(Activity)
Please give the whole listing again exactly, without any of its pictures.

------------------------------------------------------------

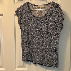 Michael Kors Patterned White Black Career Short Sleeve Shirt Size S
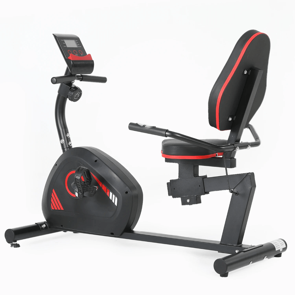 EIGHT RESISTANCE LEVELS – This stationary bike uses a magnetic resistance mechanism with 8 levels of resistance. The tension knobs control the difficulty to simulate riding on different terrains and customize your workout according to fitness level
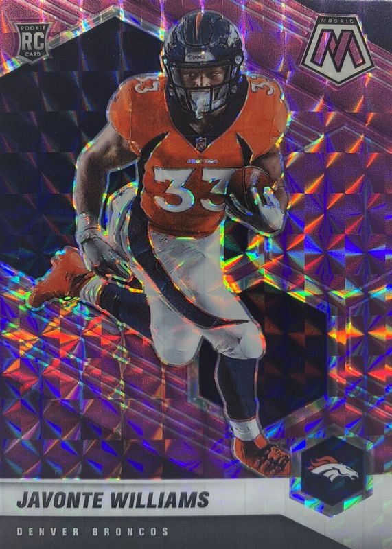 This card is 1 of 47 Javonte Williams' card variations in the 2021 Mosaic set being tracked by Sports Card Investor, including Base, Choice Red & Green, Green, No Huddle, and Pink Camo.
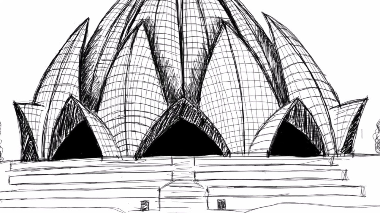 ![Храм лотоса Дели Индия эскиз]()
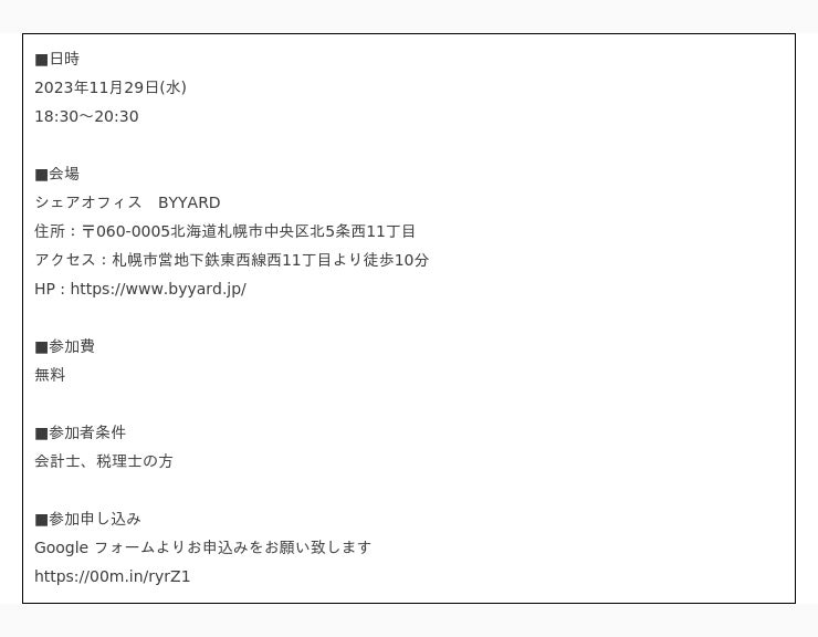 株式会社SoLabo(本社:東京都千代田区、代表取締役:田原広一)は、税理士又は会計士を対象とした、実務家向けコミュニティ「ふらっと」を運営しています。「ふらっと」では、地方の情報格差を無くすべく日本各地でイベントを実施いたします。この度、2023年11月29日(水)に北海道札幌市にて交流会の開催が決定いたしました。
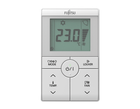 Fujitsu (Фуджитсу) UTYRSRY – пульт управления проводной упрощенный позволяет регулировать режимы работы, температуру воздуха и скорость вентилятора. Модель имеет компактные габаритные размеры и оснащена цифровым монохромным дисплеем.
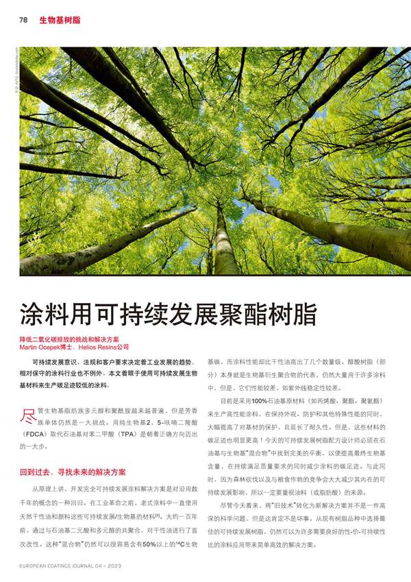 涂料用可持續(xù)發(fā)展聚酯樹脂
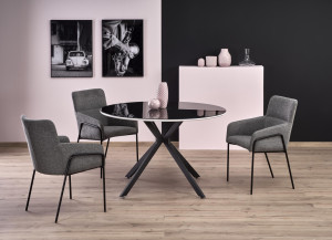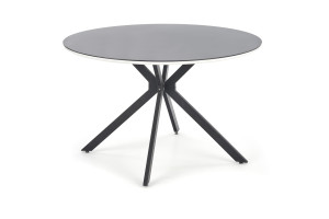 Kulatý jídelní stůl je vyroben v kombinaci skla, MDF a kovu. Deska stolu je ze skla a noha stolu jsou z ocele. Ke stolu doporučujeme dokoupit jídelní židle.
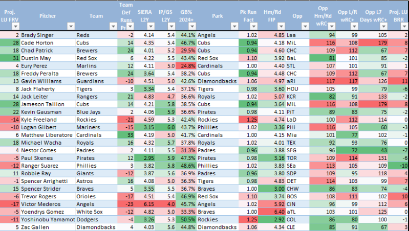 Top Pitcher Matchups (includes defensive, weather and park impacts)
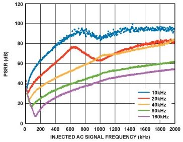 在PLL系統(tǒng)中,較高的VCO推壓意味著VCO電源噪聲的增加倍數(shù)更大。為盡可能降低對(duì)VCO相位噪聲的影響,需要低噪聲電源。
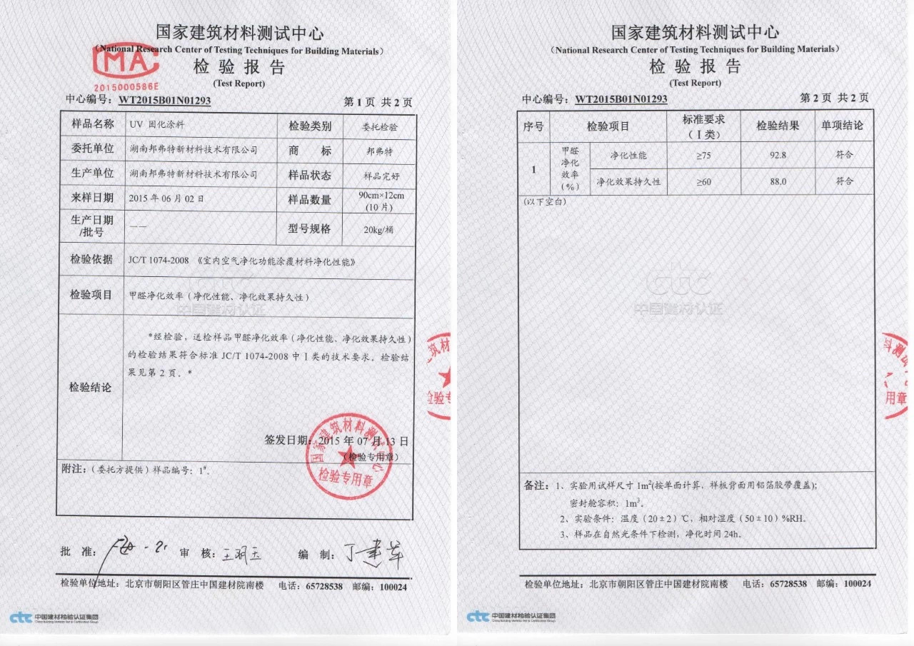 邦弗特UV除醛系列涂料可以有效地分解空氣中及家具本身所釋放的甲醛,凈化效率高、效果持久;經過國家建筑材料測試中心檢測:凈化效率達92.8%,凈化持久效果達到88.0%。

------------------------------------------------------------

(Task solution)
 Michael Kors Patterned White Black Career Short Sleeve Shirt Size S
 EIGHT RESISTANCE LEVELS – This stationary bike uses a magnetic resistance mechanism with 8 levels of resistance. The tension knobs control the difficulty to simulate riding on different terrains and customize your workout according to fitness level
 This card is 1 of 47 Javonte Williams' card variations in the 2021 Mosaic set being tracked by Sports Card Investor, including Base, Choice Red & Green, Green, No Huddle, and Pink Camo.
 ![Храм лотоса Дели Индия эскиз]()
 株式会社SoLabo(本社:東京都千代田区、代表取締役:田原広一)は、税理士又は会計士を対象とした、実務家向けコミュニティ「ふらっと」を運営しています。「ふらっと」では、地方の情報格差を無くすべく日本各地でイベントを実施いたします。この度、2023年11月29日(水)に北海道札幌市にて交流会の開催が決定いたしました。
 Fujitsu (Фуджитсу) UTYRSRY – пульт управления проводной упрощенный позволяет регулировать режимы работы, температуру воздуха и скорость вентилятора. Модель имеет компактные габаритные размеры и оснащена цифровым монохромным дисплеем.
 涂料用可持續(xù)發(fā)展聚酯樹脂
 Kulatý jídelní stůl je vyroben v kombinaci skla, MDF a kovu. Deska stolu je ze skla a noha stolu jsou z ocele. Ke stolu doporučujeme dokoupit jídelní židle.
 Top Pitcher Matchups (includes defensive, weather and park impacts)
 在PLL系統(tǒng)中,較高的VCO推壓意味著VCO電源噪聲的增加倍數(shù)更大。為盡可能降低對(duì)VCO相位噪聲的影響,需要低噪聲電源。
 邦弗特UV除醛系列涂料可以有效地分解空氣中及家具本身所釋放的甲醛,凈化效率高、效果持久;經過國家建筑材料測試中心檢測:凈化效率達92.8%,凈化持久效果達到88.0%。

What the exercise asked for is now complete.